Japan: TEPCO worried over high radiation levels
TEPCO said higher radiation near Fukushima N-plant may have been related to rain in the area.
New York: The reconnection of power at the earthquake-damaged reactors in Japan is a big step in managing the nuclear crisis, experts said on Monday, but concerns about radiation in the air, seawater and food showed the dangers are far from over.
Plant operator Tokyo Electric Power Co (TEPCO) on Monday said radiation at much higher levels than normal was found in the Pacific Ocean near the Fukushima Daiichi nuclear plant, which may have been related to rain in the area and the hosing of the reactors with seawater.

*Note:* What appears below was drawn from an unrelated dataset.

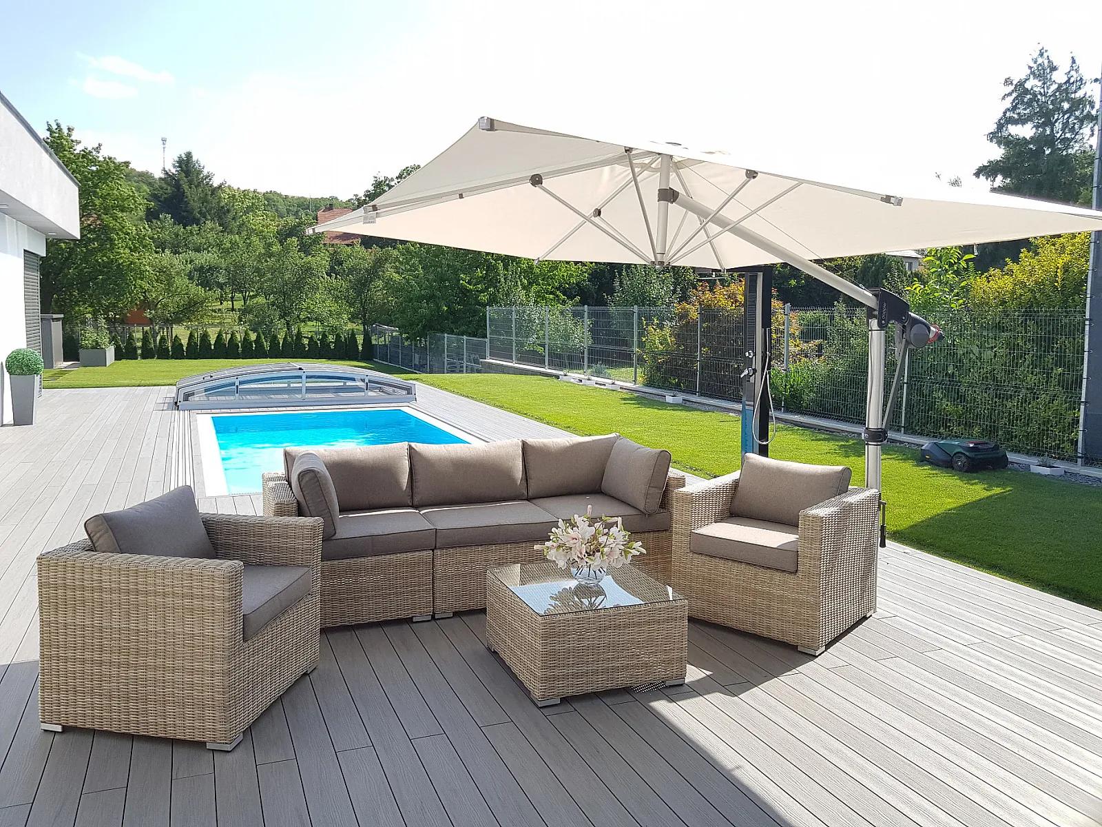 Ratanový nábytok z kolekcie modulových setov, ktorý vyniká svojou variabilitou.Zostavte si súpravy podľa Vašich predstáv.Umelý ratan sa pýši svojím nadčasovým dizajnom a takmer nulovú údržbou. Polyetylénové vlákno sa vyznačuje vysokou pružnosťou, pevnosťou a odolnosťou voči vlhkosti i UV žiareniu. Je odolný voči povětrmostním podmienkam a je vhodný na celoročné státie vonku (odporúčame pod zastrešením alebo ochranným obalom v zimných mesiacoch). Umelý ratan je ľahký, takže zaisťuje pohodlnú manimulaci záhradného nábytku po záhrade či terase.Konštrukcia je vyrobená z robustnej hliníkovej konštrukcie, ktorá je zvarená tak, aby zaistila vysokú nosnosť jednotlivých prvkov. Hliník sa vyznačuje vysokou odolnosťou a pevnosťou. Nedochádza ku korózii.Polstrovanie je v sile 10 cm, jedná sa o látku s hustotou 220 g/m2. Lemovanie po krajoch. Penová výplň. Všetky podušky sú vybavené zipsom. Možnosť prania v práčke na 40 ° C bez aviváže.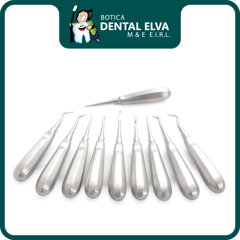 Kit de elevadores dentales x 10 diseñado para procedimientos de exodoncia y cirugía oral, ideal para facilitar la luxación dental y la separación controlada de tejidos con precisión. Incluye diferentes formas y ángulos para adaptarse a múltiples técnicas clínicas, brindando agarre firme, control y eficiencia en el trabajo odontológico.

Some nuclear experts however questioned whether TEPCO might be dumping some of the seawater used to cool the Daiichi reactor cores and spent fuel pools back into the Pacific.
"Where does all the seawater go?" said Najmedin Meshkati, a Professor of Civil and Environmental Engineering at the University of Southern California.
"Some of the seawater is escaping as radioactive steam but we don't know what TEPCO is doing with the rest of it," Meshkati added, noting he was very disappointed international nuclear organizations like the International Atomic Energy Agency (IAEA) has not said much about what was happening with the seawater.
Officials at the IAEA said they did not know what TEPCO was doing with the seawater but were asking Japanese authorities and would issue an update as soon as they had any information.
In the United States, meanwhile, the US Nuclear Regulatory Commission said the crisis at the Daiichi plant appeared to be close to stabilizing. The crisis started on March 11 when a massive earthquake and tsunami left the plant with no power to cool uranium fuel in the reactor cores and spent fuel pools.
"I would say optimistically that things appear to be on the verge of stabilizing," said Bill Borchardt, chief of operations at the NRC.
Power to plant
Engineers have rigged power cables to all six reactors at the Fukushima complex.
But TEPCO temporarily postponed efforts to cool the Unit 3 reactor this morning following a brief release of grey smoke from the building. Unit 3 is the only reactor using a small amount of highly radioactive plutonium fuel.
Robin Grimes, head of the centre for nuclear engineering at Imperial College in London, said the smoke did not seem to be accompanied by a spike in radiation readings.
"There is more than a glimmer of light at the end of the tunnel," he said.
Others also said they saw improvement.
"Things are beginning to trend in the right direction. TEPCO will need to get electrical power back on line to all six reactors and they will have to make sure that components are working," Mark Prelas, Director of Research for the Nuclear Science and Engineering Institute at the University of Missouri.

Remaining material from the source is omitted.